_Aim of the task_
Give the records again in full, exactly as they appear, but without the pictures.

_Supplied information_
____________

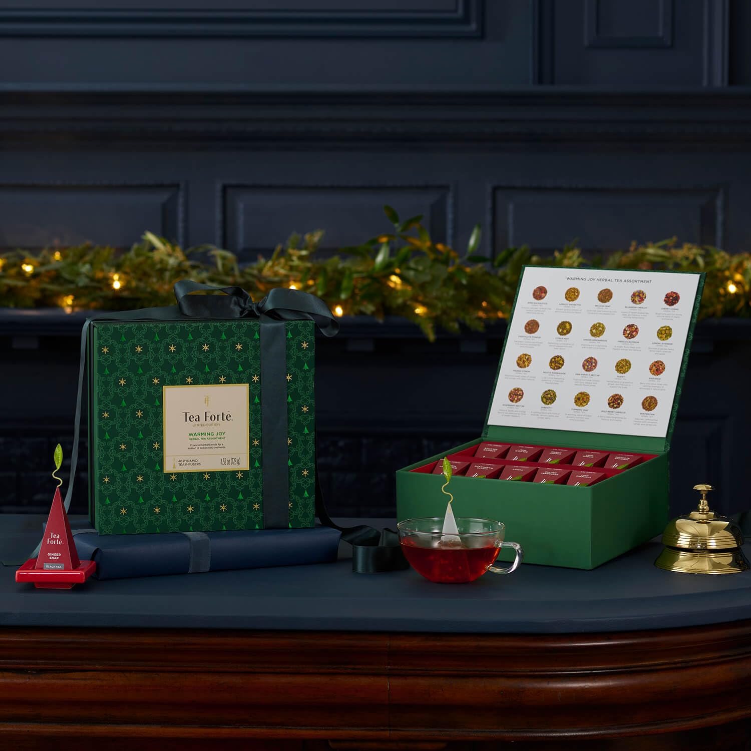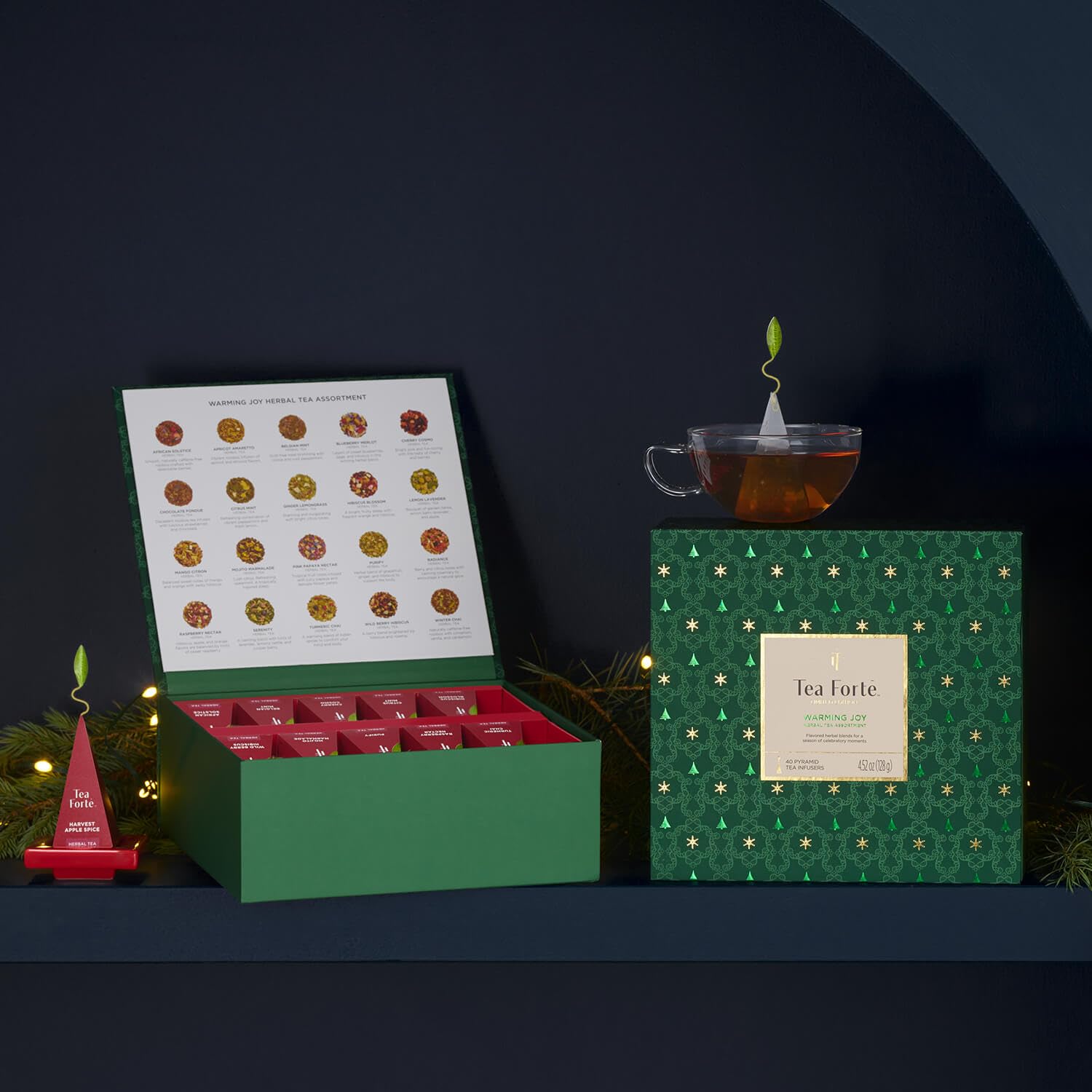 Discover the essence of seasonal comfort with Tea Forte's Warming Joy Holiday collection. This premium gift sampler features 40 individually wrapped pyramid infuser bags—two of each of 20 distinct herbal blends—crafted to deliver exceptional flavor and aroma. Each handcrafted pyramid bag unfolds fully in hot water, allowing premium botanicals to steep perfectly. Ideal for holiday gifting or personal indulgence, this curated selection showcases expertly balanced herbal varieties designed to warm and soothe throughout the season. Experience tea craftsmanship at its finest.
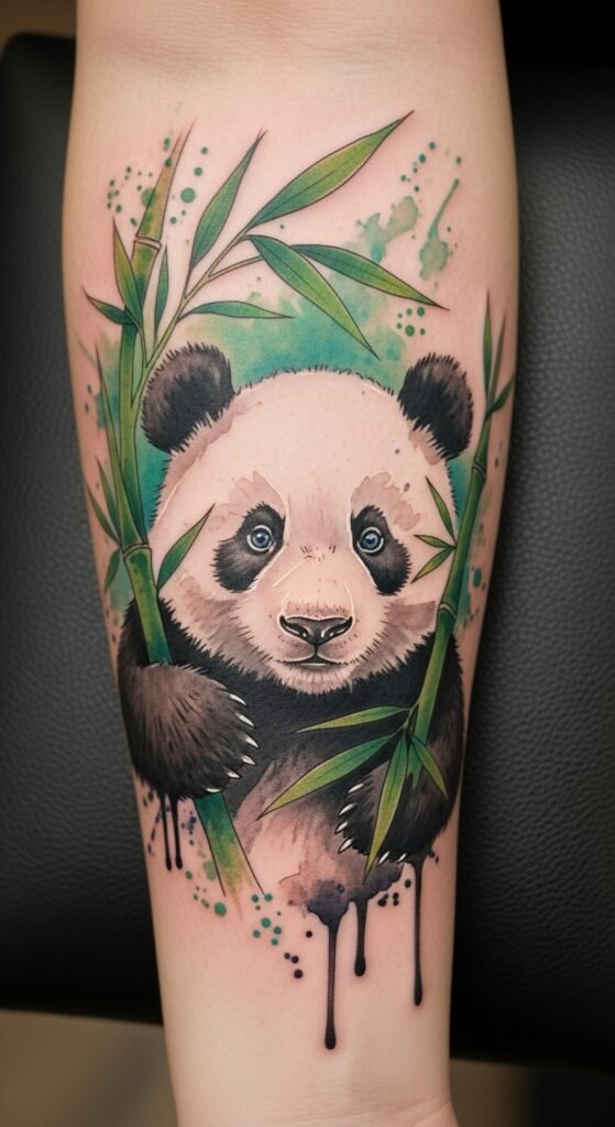 Add bamboo to your panda tattoo for a nature vibe.
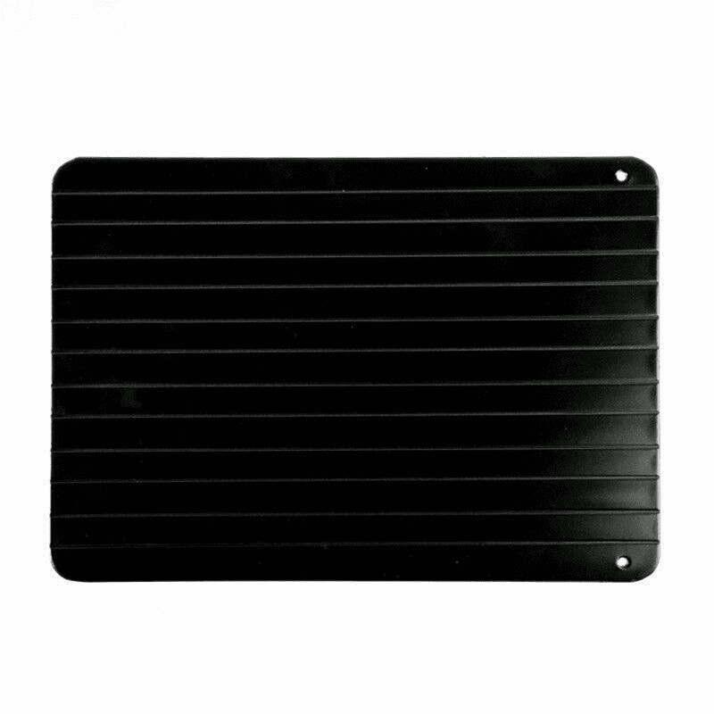 Fast Defrosting Tray Rapid Thawing Board Safe Defrost Meat Frozen Food PlateProduct DescriptionFeature:Principle: The thawing plate is a special alloy with a thermal conductivity of 20; 000 times that of ordinary metals; achieving high-speed heat exchange; allowing frozen foods to achieve the fastest natural thawing effectDefrosting within few minutes: Thaw chicken breasts; steak; pork chops; lamb chops and more in minutes depending on the thickness of your food; It can also defrost smaller food such as burgers; sausages; prawns and bacon.No chemicals or electricity: Through the contact of food with thawing plates using special environmentally friendly materials and processes; No need to use microwave; electricity or chemicals; even hot water is not need. Simply place frozen food onto the tray and it will defrost up to faster than at room temperature.Easy clean & Dishwasher safe: It is non-stick and very convenient to clean.Speed; short time; can effectively save the first choice time; and can maintain the original taste and nutrition of food; health and hygiene. Corrosion resistance; long service lifeSpecification:Material: AluminumColor:BlackSize:Approx.23*16.5*0.2cm/ 9.05*6.5*0.08inchNote:Please allow minor deviation due to manual measurement.Due to the difference between different monitors; the picture may not reflect the actual color of the item.Package included:1 x Fast Defrosting Tray
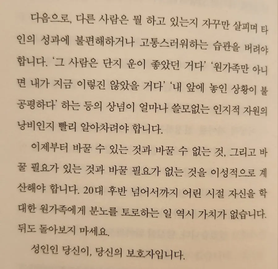 당신의 정서적, 인지적 에너지는 한정적인데 여전히 실망하고 화내는 데 에너지를 쏟고 있으니 말입니다.
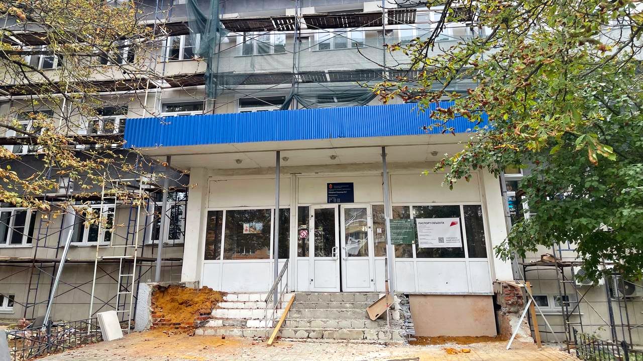 Пока идёт ремонт, медицинскую помощь жители получают в уже отремонтированной части здания. Сейчас в половине здания поликлиники демонтировали и заменили оконные блоки, системы отопления и водоснабжения, а также электропроводку. Полностью выполнены отделочные работы, смонтирована система приточной и вытяжной вентиляции, отремонтирована кровля и облицована часть фасада здания. В другой половине здания пока демонтированы и заменены системы отопления и электрики.
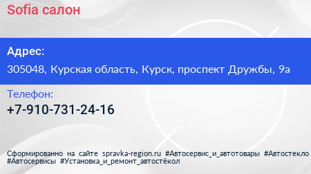 Sofia, салон по адресу 305048, Курская область, Курск, проспект Дружбы, 9а в дальнейшем Организация, размещена в следующих категориях:
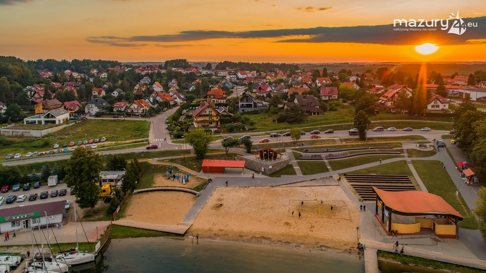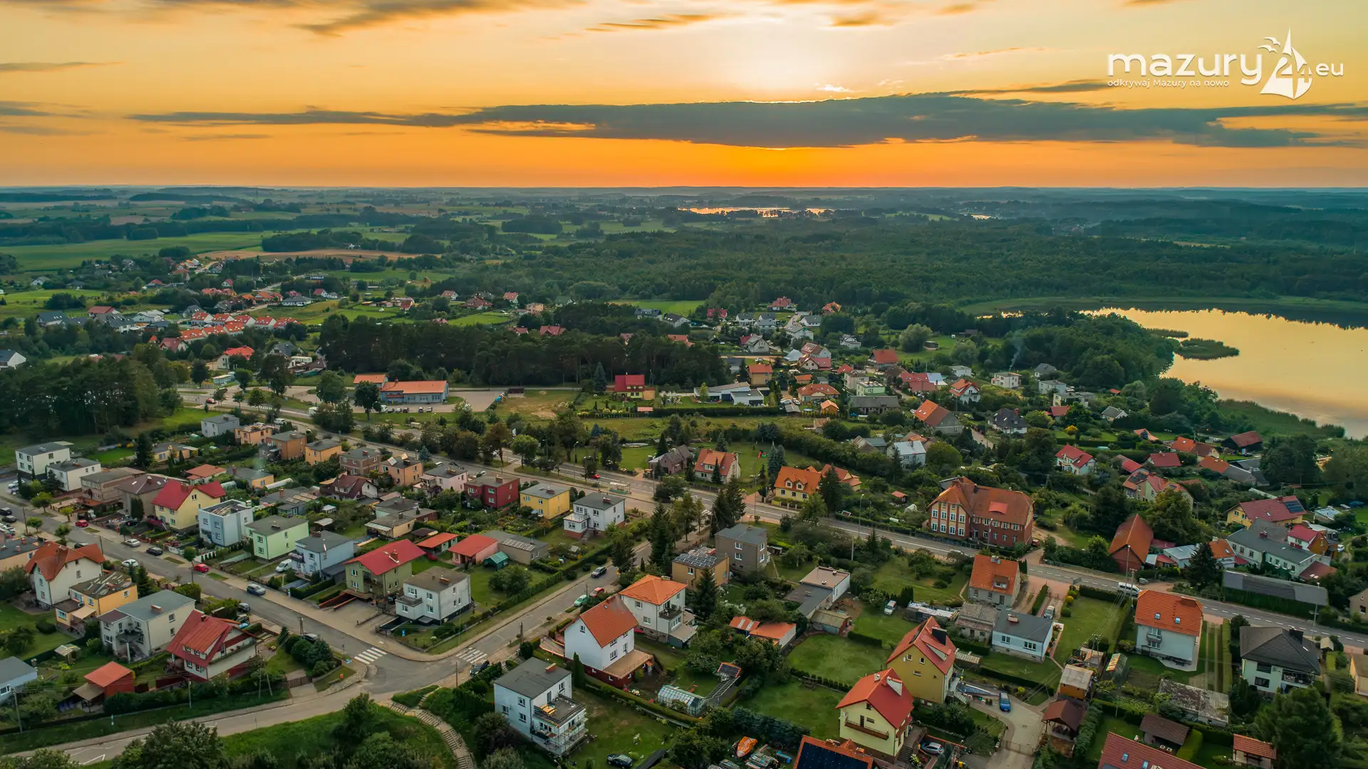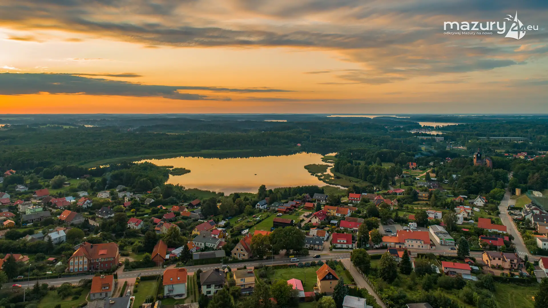 Mikołajki po zachodzie słońca z drona, sierpień 2025 r.
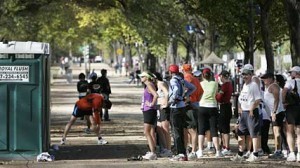 Thankfully, the race started before I collapsed from anxiety. It was cool, crisp, and sunny, perfect running weather. The first seven miles flew by, then the fettucini Alfredo kicked in. I will spare you the graphic details. Let's just say I now hold the record for Number Of Panicked Port-A-Potty Stops During A Marathon.
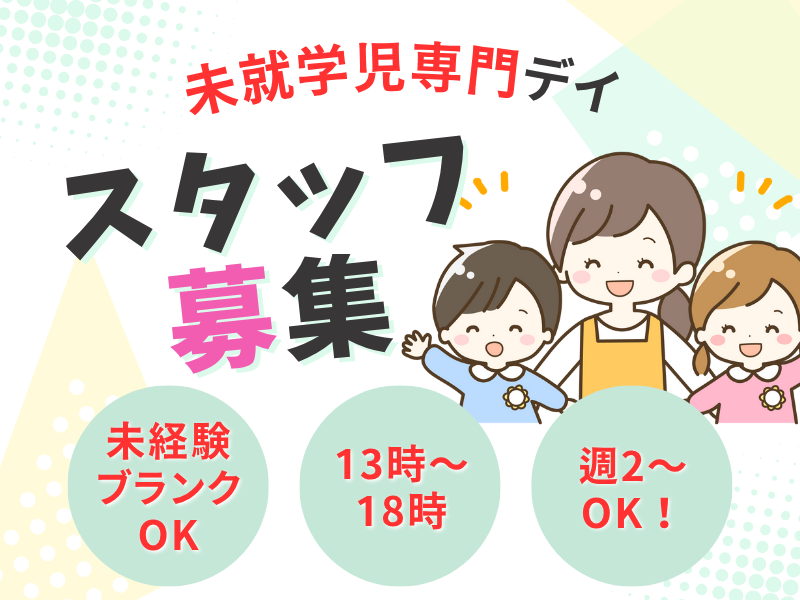 求めている人材 無資格OK!未経験者の方もご応募ください! 子どもの成長の手助けをしたい、 社会に貢献したい、 という気持ちをお持ちの方歓迎! 有資格者優遇☆ ◎普通自動車免許をお持ちの方歓迎! ★実際に働いている方は、 元保育士や介護職員、 学童保育スタッフ、 学生さんが多いです。 他にも身近に発達に特性のある子がいて、 手助けをしたいと思った、 などの想いを持って働いて下さる 未経験の方もたくさんいます!

____________

_Written solution_
 Discover the essence of seasonal comfort with Tea Forte's Warming Joy Holiday collection. This premium gift sampler features 40 individually wrapped pyramid infuser bags—two of each of 20 distinct herbal blends—crafted to deliver exceptional flavor and aroma. Each handcrafted pyramid bag unfolds fully in hot water, allowing premium botanicals to steep perfectly. Ideal for holiday gifting or personal indulgence, this curated selection showcases expertly balanced herbal varieties designed to warm and soothe throughout the season. Experience tea craftsmanship at its finest.
 Add bamboo to your panda tattoo for a nature vibe.
 Fast Defrosting Tray Rapid Thawing Board Safe Defrost Meat Frozen Food PlateProduct DescriptionFeature:Principle: The thawing plate is a special alloy with a thermal conductivity of 20; 000 times that of ordinary metals; achieving high-speed heat exchange; allowing frozen foods to achieve the fastest natural thawing effectDefrosting within few minutes: Thaw chicken breasts; steak; pork chops; lamb chops and more in minutes depending on the thickness of your food; It can also defrost smaller food such as burgers; sausages; prawns and bacon.No chemicals or electricity: Through the contact of food with thawing plates using special environmentally friendly materials and processes; No need to use microwave; electricity or chemicals; even hot water is not need. Simply place frozen food onto the tray and it will defrost up to faster than at room temperature.Easy clean & Dishwasher safe: It is non-stick and very convenient to clean.Speed; short time; can effectively save the first choice time; and can maintain the original taste and nutrition of food; health and hygiene. Corrosion resistance; long service lifeSpecification:Material: AluminumColor:BlackSize:Approx.23*16.5*0.2cm/ 9.05*6.5*0.08inchNote:Please allow minor deviation due to manual measurement.Due to the difference between different monitors; the picture may not reflect the actual color of the item.Package included:1 x Fast Defrosting Tray
 당신의 정서적, 인지적 에너지는 한정적인데 여전히 실망하고 화내는 데 에너지를 쏟고 있으니 말입니다.
 Пока идёт ремонт, медицинскую помощь жители получают в уже отремонтированной части здания. Сейчас в половине здания поликлиники демонтировали и заменили оконные блоки, системы отопления и водоснабжения, а также электропроводку. Полностью выполнены отделочные работы, смонтирована система приточной и вытяжной вентиляции, отремонтирована кровля и облицована часть фасада здания. В другой половине здания пока демонтированы и заменены системы отопления и электрики.
 Sofia, салон по адресу 305048, Курская область, Курск, проспект Дружбы, 9а в дальнейшем Организация, размещена в следующих категориях:
 Mikołajki po zachodzie słońca z drona, sierpień 2025 r.
 Thankfully, the race started before I collapsed from anxiety. It was cool, crisp, and sunny, perfect running weather. The first seven miles flew by, then the fettucini Alfredo kicked in. I will spare you the graphic details. Let's just say I now hold the record for Number Of Panicked Port-A-Potty Stops During A Marathon.
 求めている人材 無資格OK!未経験者の方もご応募ください! 子どもの成長の手助けをしたい、 社会に貢献したい、 という気持ちをお持ちの方歓迎! 有資格者優遇☆ ◎普通自動車免許をお持ちの方歓迎! ★実際に働いている方は、 元保育士や介護職員、 学童保育スタッフ、 学生さんが多いです。 他にも身近に発達に特性のある子がいて、 手助けをしたいと思った、 などの想いを持って働いて下さる 未経験の方もたくさんいます!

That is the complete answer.